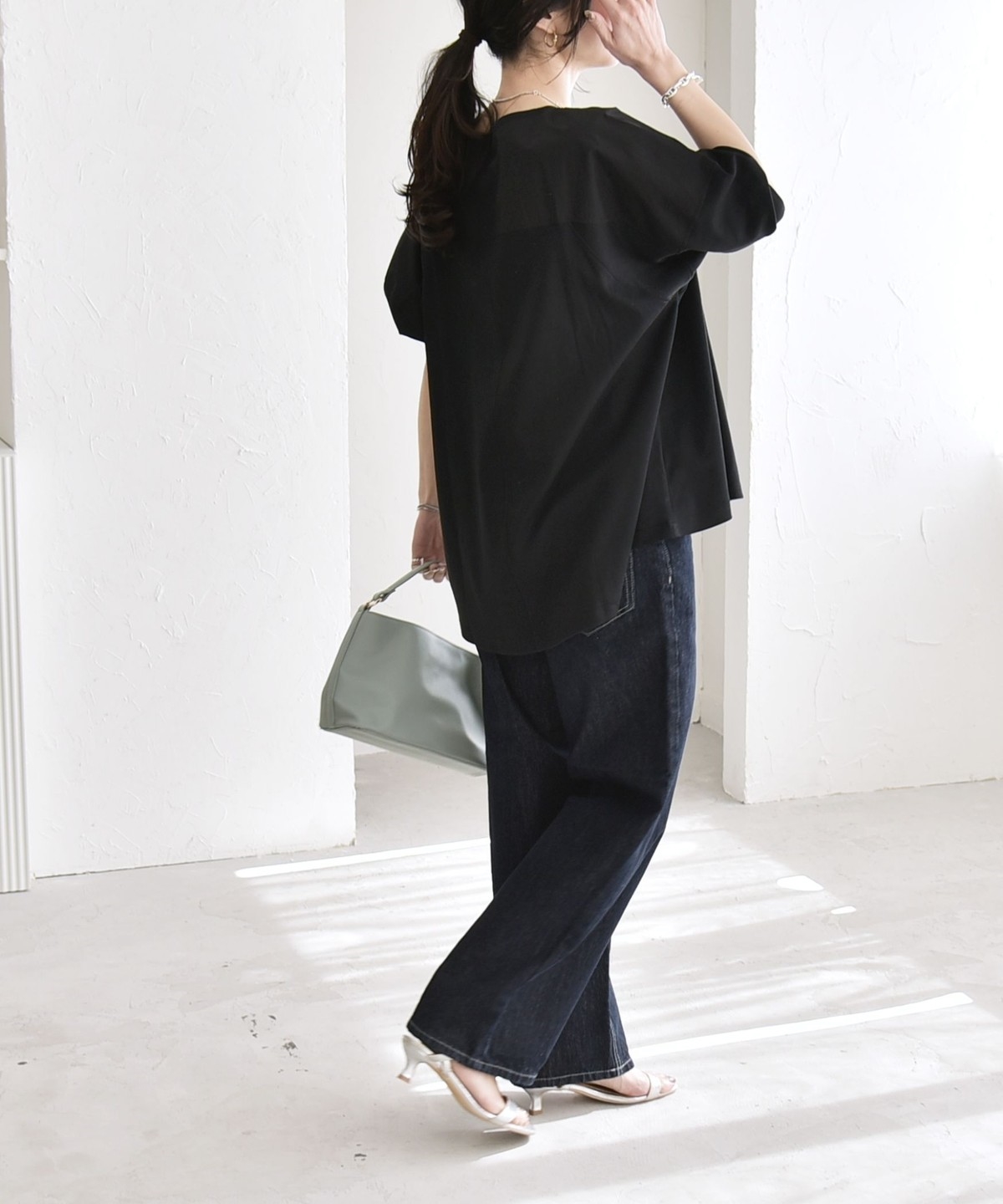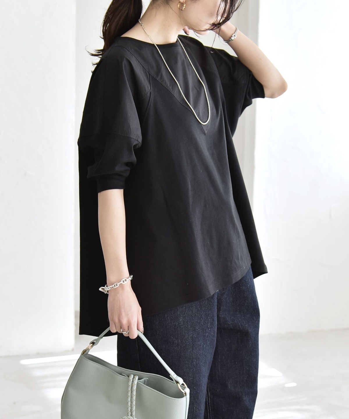 袖は捲らず6分袖でも、暑くなったらきゅっとたくし上げて半袖感覚でも着られます。
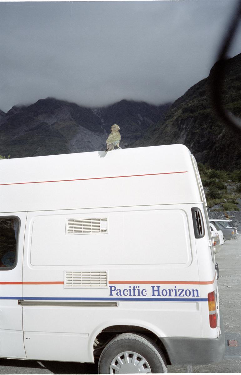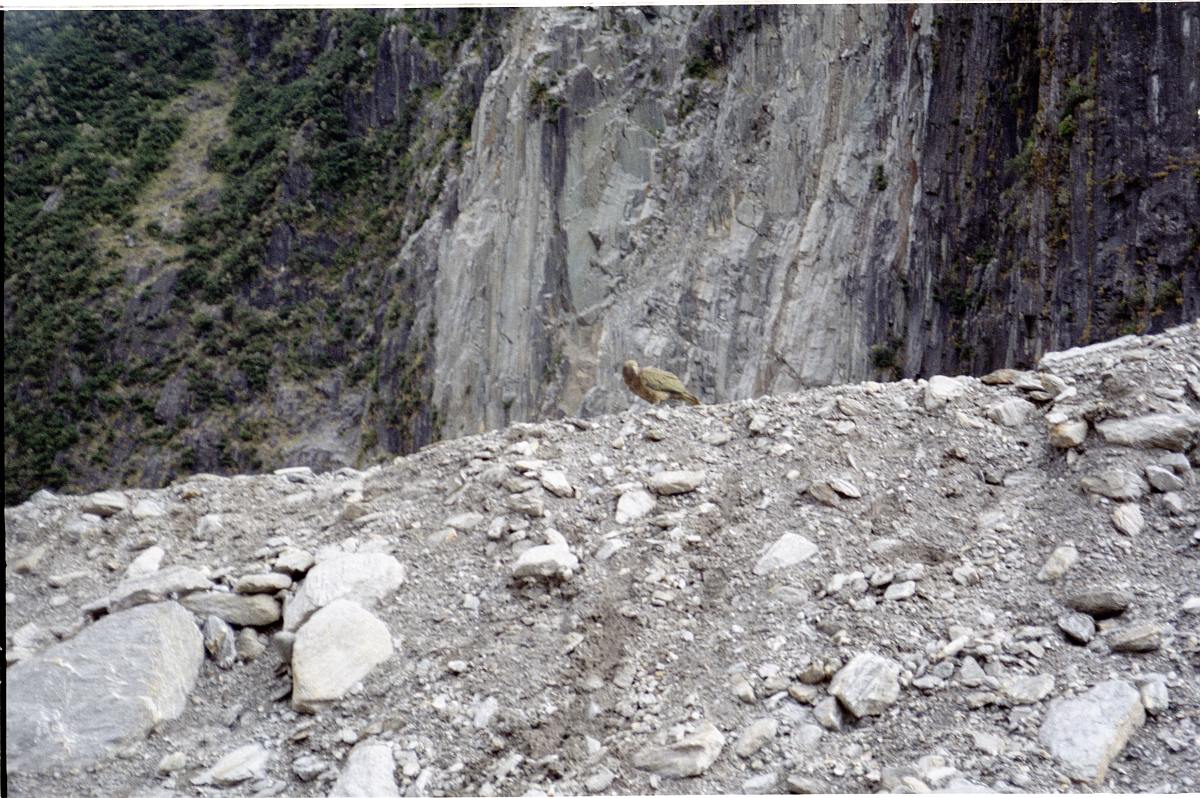 Der Kea ist ein rabengroßer Vogel mit einem Hakenschnabel. Der Vogel ist recht keck, hat nur wenig Scheu vor Menschen und taucht immer in kleinen Gruppen auf.
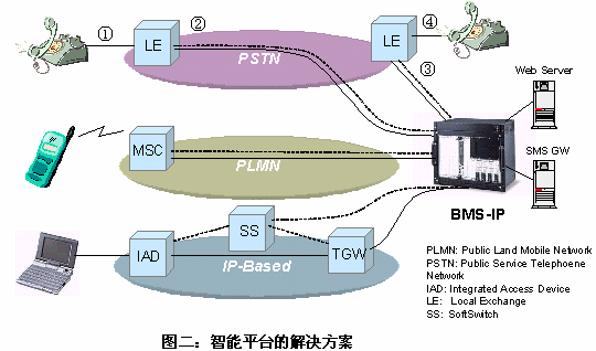 隨著通信發(fā)展,用戶對(duì)業(yè)務(wù)的多樣性、個(gè)性化和智能化的需求愈發(fā)緊迫。因此一種新業(yè)務(wù)在投入市場(chǎng)的時(shí)間,業(yè)務(wù)量和對(duì)現(xiàn)網(wǎng)設(shè)備改造等方面都提出了新的挑戰(zhàn)。智能業(yè)務(wù)平臺(tái)以分布接入、集中控制、業(yè)務(wù)擴(kuò)展靈活,可快速實(shí)現(xiàn)各類電信增值新業(yè)務(wù)的突出優(yōu)點(diǎn),滿足了人們對(duì)電信新業(yè)務(wù)的迫切需要。智能業(yè)務(wù)平臺(tái)投資小、見(jiàn)效快,是近年來(lái)實(shí)現(xiàn)增值業(yè)務(wù)的優(yōu)選方案。在固定和移動(dòng)、電信和IT融合的發(fā)展潮流中,它具有很大的想象空間。用智能業(yè)務(wù)平臺(tái)實(shí)現(xiàn)BMS的工作原理如圖二所示。
────────────────
* _Your goal_: Each line from the one holding "Der Kea ist" through the end of the listing is to be output exactly, both ends included, with no other lines and the pictures left out.

* _Task result_:
 Der Kea ist ein rabengroßer Vogel mit einem Hakenschnabel. Der Vogel ist recht keck, hat nur wenig Scheu vor Menschen und taucht immer in kleinen Gruppen auf.
 隨著通信發(fā)展,用戶對(duì)業(yè)務(wù)的多樣性、個(gè)性化和智能化的需求愈發(fā)緊迫。因此一種新業(yè)務(wù)在投入市場(chǎng)的時(shí)間,業(yè)務(wù)量和對(duì)現(xiàn)網(wǎng)設(shè)備改造等方面都提出了新的挑戰(zhàn)。智能業(yè)務(wù)平臺(tái)以分布接入、集中控制、業(yè)務(wù)擴(kuò)展靈活,可快速實(shí)現(xiàn)各類電信增值新業(yè)務(wù)的突出優(yōu)點(diǎn),滿足了人們對(duì)電信新業(yè)務(wù)的迫切需要。智能業(yè)務(wù)平臺(tái)投資小、見(jiàn)效快,是近年來(lái)實(shí)現(xiàn)增值業(yè)務(wù)的優(yōu)選方案。在固定和移動(dòng)、電信和IT融合的發(fā)展潮流中,它具有很大的想象空間。用智能業(yè)務(wù)平臺(tái)實(shí)現(xiàn)BMS的工作原理如圖二所示。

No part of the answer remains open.